__Exercise directions__: Among the records that follow, set down only the lines from the one containing "20192020 AUCTION ACQUISITION" to the one containing "connector B-01 (terminal", both included, exactly.

--- Data ---

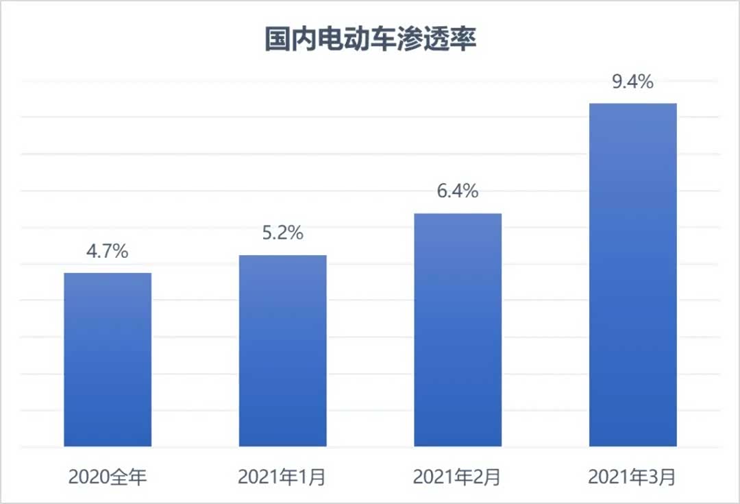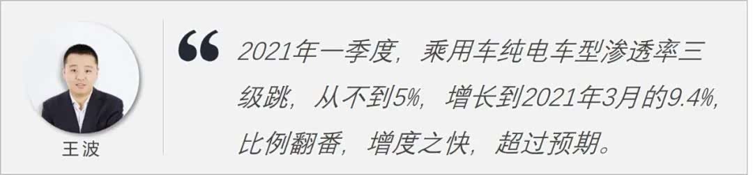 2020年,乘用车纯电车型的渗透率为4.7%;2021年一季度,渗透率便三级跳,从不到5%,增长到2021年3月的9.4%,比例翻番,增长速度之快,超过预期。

---
--- Data ---

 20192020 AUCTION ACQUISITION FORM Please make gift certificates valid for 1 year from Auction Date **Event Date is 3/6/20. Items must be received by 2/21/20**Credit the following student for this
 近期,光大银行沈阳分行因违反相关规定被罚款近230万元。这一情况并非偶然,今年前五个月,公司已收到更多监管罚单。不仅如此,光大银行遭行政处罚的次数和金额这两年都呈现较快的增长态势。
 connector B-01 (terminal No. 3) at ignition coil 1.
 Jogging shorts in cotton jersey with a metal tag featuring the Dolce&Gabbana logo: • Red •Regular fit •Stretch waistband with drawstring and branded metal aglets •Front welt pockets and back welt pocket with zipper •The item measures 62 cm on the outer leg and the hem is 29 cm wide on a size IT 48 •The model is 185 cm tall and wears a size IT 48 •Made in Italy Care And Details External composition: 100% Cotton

---
--- Data ---

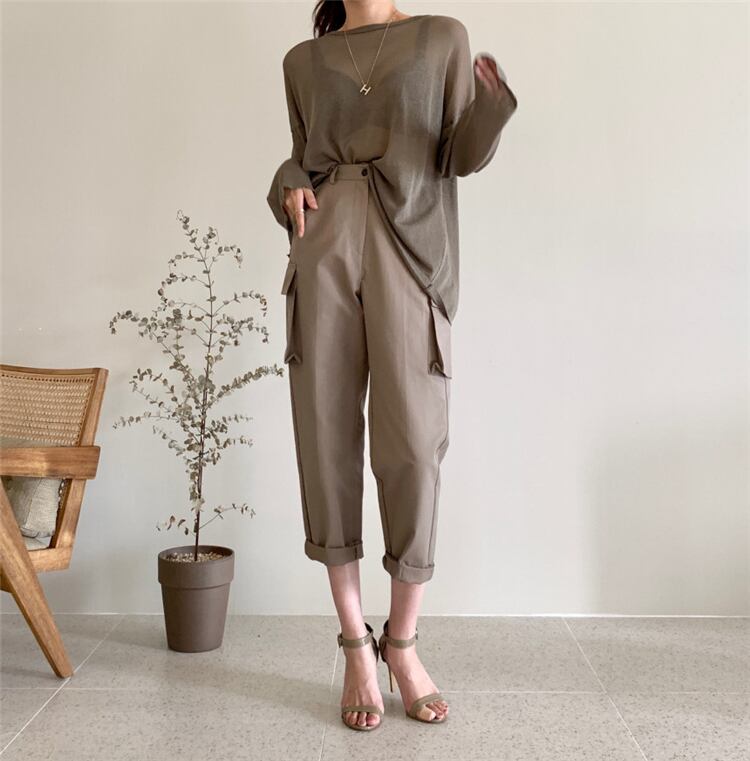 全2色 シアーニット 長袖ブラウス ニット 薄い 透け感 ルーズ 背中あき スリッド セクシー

---

__Response__:
 20192020 AUCTION ACQUISITION FORM Please make gift certificates valid for 1 year from Auction Date **Event Date is 3/6/20. Items must be received by 2/21/20**Credit the following student for this
 近期,光大银行沈阳分行因违反相关规定被罚款近230万元。这一情况并非偶然,今年前五个月,公司已收到更多监管罚单。不仅如此,光大银行遭行政处罚的次数和金额这两年都呈现较快的增长态势。
 connector B-01 (terminal No. 3) at ignition coil 1.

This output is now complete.